### Exercise brief
A picture-free, exact copy of all the records below is the goal.

Extracted records
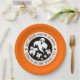 Cette plaque de papier fête d'Halloween en orange, noir et blanc présente un ornement fantôme et "Mange, bois et aie peur" lettrage (peut être changé à tout message que tu veux).
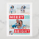 Un design de carte classique parmi les nombreux modèles de cartes de vacances par Origami Prints. Ce design présente une galerie de 4 photos de famille le long de la typographie en papier argenté audacieuse qui dit "Que vos vacances soient joyeuses et brillantes". L'accueil est encadré par des formes de blocs rouge vif et bleu clair avec une bordure blanche classique pour une finition propre.
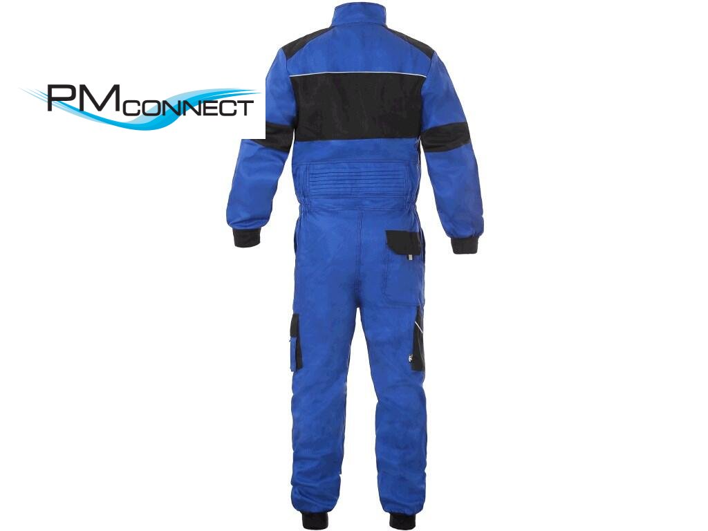 >Pánská montérková kombinéza, kryté zapínání na zip a suché zipy, dvoucestný zip, rukávy s pružnou manžetou, náprsní kapsy s klopami, skrytá náprsní kapsa na zip, přední kapsy, boční kapsa na svinovací / skládací metr, boční kapsa na mobil / peněženku, zdvojená kolena, pruženka v bederní části, zadní kapsa s klopou, reflexní doplňky. Doporučené použití: stavebnictví, lehký průmysl, logistika, skladová manipulace, autoservisy, údržba, montáže, zemědělství, zahrada, hobby.
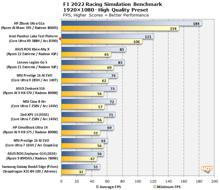 В тесте F1 2022 графика Radeon 8060S в составе Ryzen AI Max 395 остаётся самой быстрой, показывая в среднем 184 fps против 121 fps у Arc B390 в X9 388H. Преимущество AMD составляет около 50%, и в этом их первый аргумент верен.
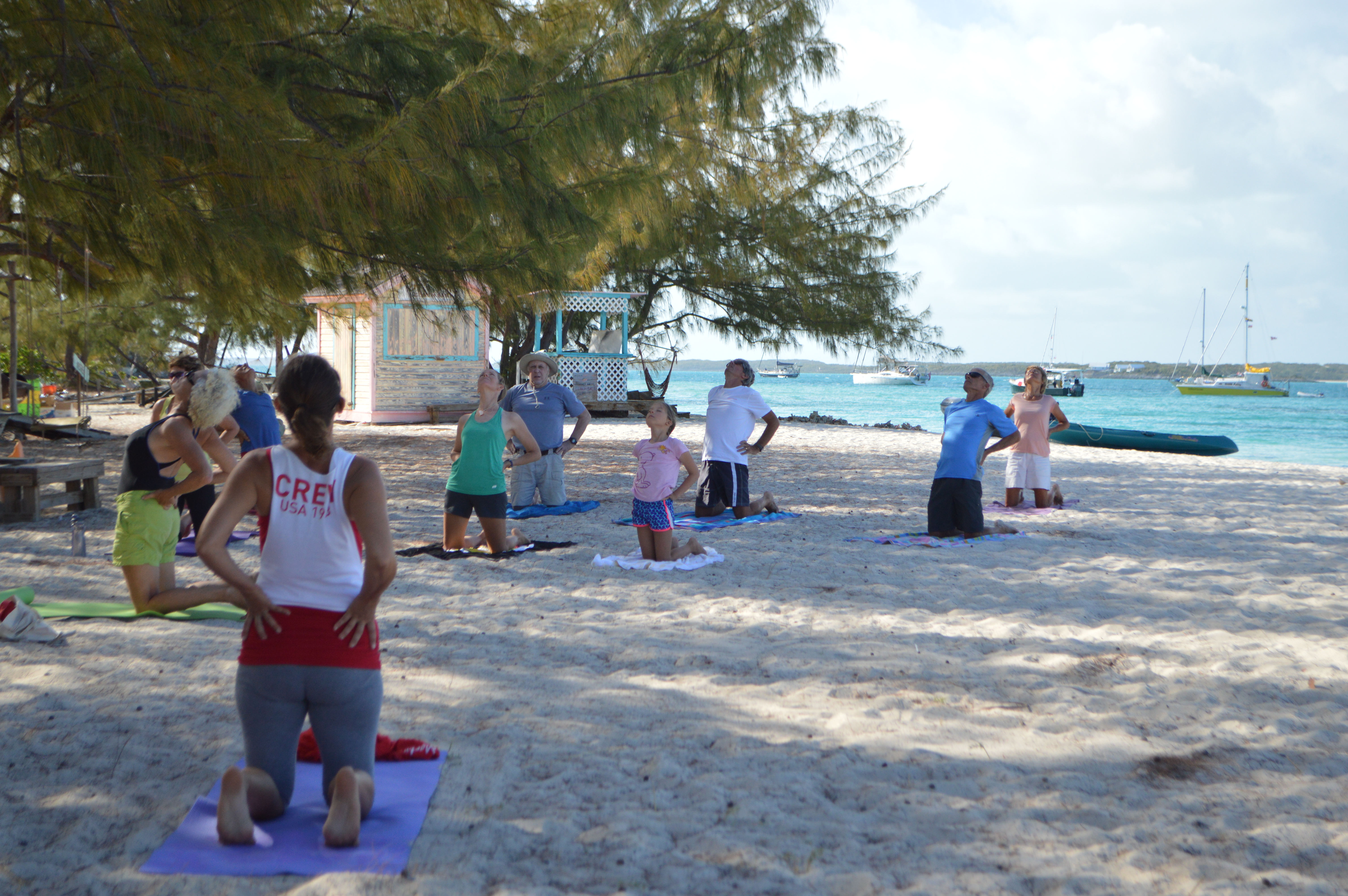 I also come to yoga at Volleyball Beach in the morning if I do my math, spelling and handwriting the night before. The first time I did yoga I fell off my towel and got sand in my hair. And at the end of the class when I’m supposed to be laying down and relaxing, I get a little bored and sometimes start playing in the sand.
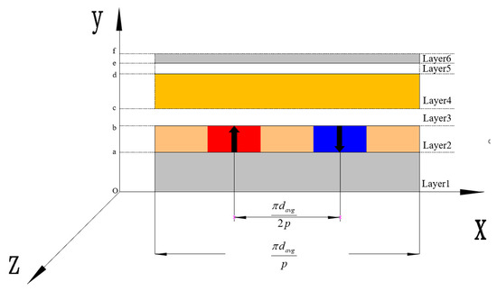 The structure model of the permanent magnet drive of the switching seal was unfolded along the circumferential direction into a linear model, and the model was truncated axially, resulting in a two-dimensional linear model in Cartesian coordinates (Figure 5). The transformed 2D linear model can be divided into six different layers:
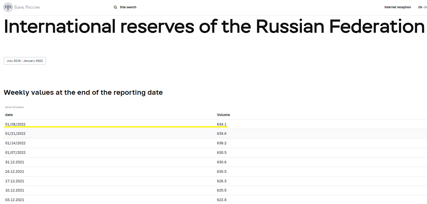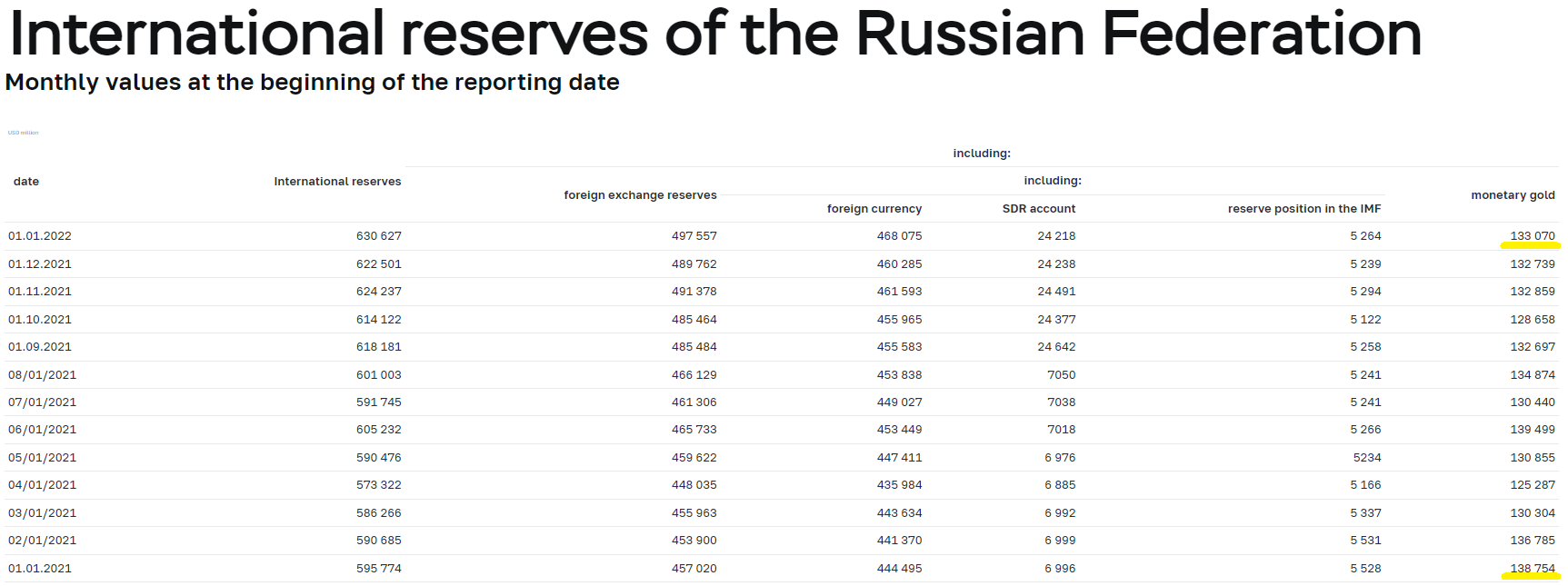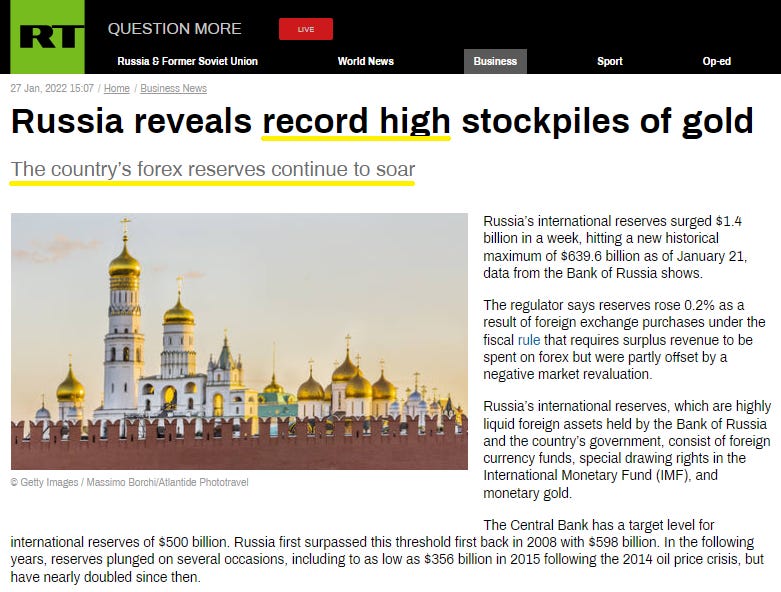 There’s not a single word about Russia’s “record high” mountain of gold. RT’s article is a very greasy repackaging of a press release announcing that the value (in US dollars) of the central bank’s total international reserves (gold + everything else) hit an all-time high of $639.6 billion on January 21. This makes sense because in late January, the price of gold briefly shot up.

### Response box
 Cette plaque de papier fête d'Halloween en orange, noir et blanc présente un ornement fantôme et "Mange, bois et aie peur" lettrage (peut être changé à tout message que tu veux).
 Un design de carte classique parmi les nombreux modèles de cartes de vacances par Origami Prints. Ce design présente une galerie de 4 photos de famille le long de la typographie en papier argenté audacieuse qui dit "Que vos vacances soient joyeuses et brillantes". L'accueil est encadré par des formes de blocs rouge vif et bleu clair avec une bordure blanche classique pour une finition propre.
 >Pánská montérková kombinéza, kryté zapínání na zip a suché zipy, dvoucestný zip, rukávy s pružnou manžetou, náprsní kapsy s klopami, skrytá náprsní kapsa na zip, přední kapsy, boční kapsa na svinovací / skládací metr, boční kapsa na mobil / peněženku, zdvojená kolena, pruženka v bederní části, zadní kapsa s klopou, reflexní doplňky. Doporučené použití: stavebnictví, lehký průmysl, logistika, skladová manipulace, autoservisy, údržba, montáže, zemědělství, zahrada, hobby.
 В тесте F1 2022 графика Radeon 8060S в составе Ryzen AI Max 395 остаётся самой быстрой, показывая в среднем 184 fps против 121 fps у Arc B390 в X9 388H. Преимущество AMD составляет около 50%, и в этом их первый аргумент верен.
 I also come to yoga at Volleyball Beach in the morning if I do my math, spelling and handwriting the night before. The first time I did yoga I fell off my towel and got sand in my hair. And at the end of the class when I’m supposed to be laying down and relaxing, I get a little bored and sometimes start playing in the sand.
 The structure model of the permanent magnet drive of the switching seal was unfolded along the circumferential direction into a linear model, and the model was truncated axially, resulting in a two-dimensional linear model in Cartesian coordinates (Figure 5). The transformed 2D linear model can be divided into six different layers:
 There’s not a single word about Russia’s “record high” mountain of gold. RT’s article is a very greasy repackaging of a press release announcing that the value (in US dollars) of the central bank’s total international reserves (gold + everything else) hit an all-time high of $639.6 billion on January 21. This makes sense because in late January, the price of gold briefly shot up.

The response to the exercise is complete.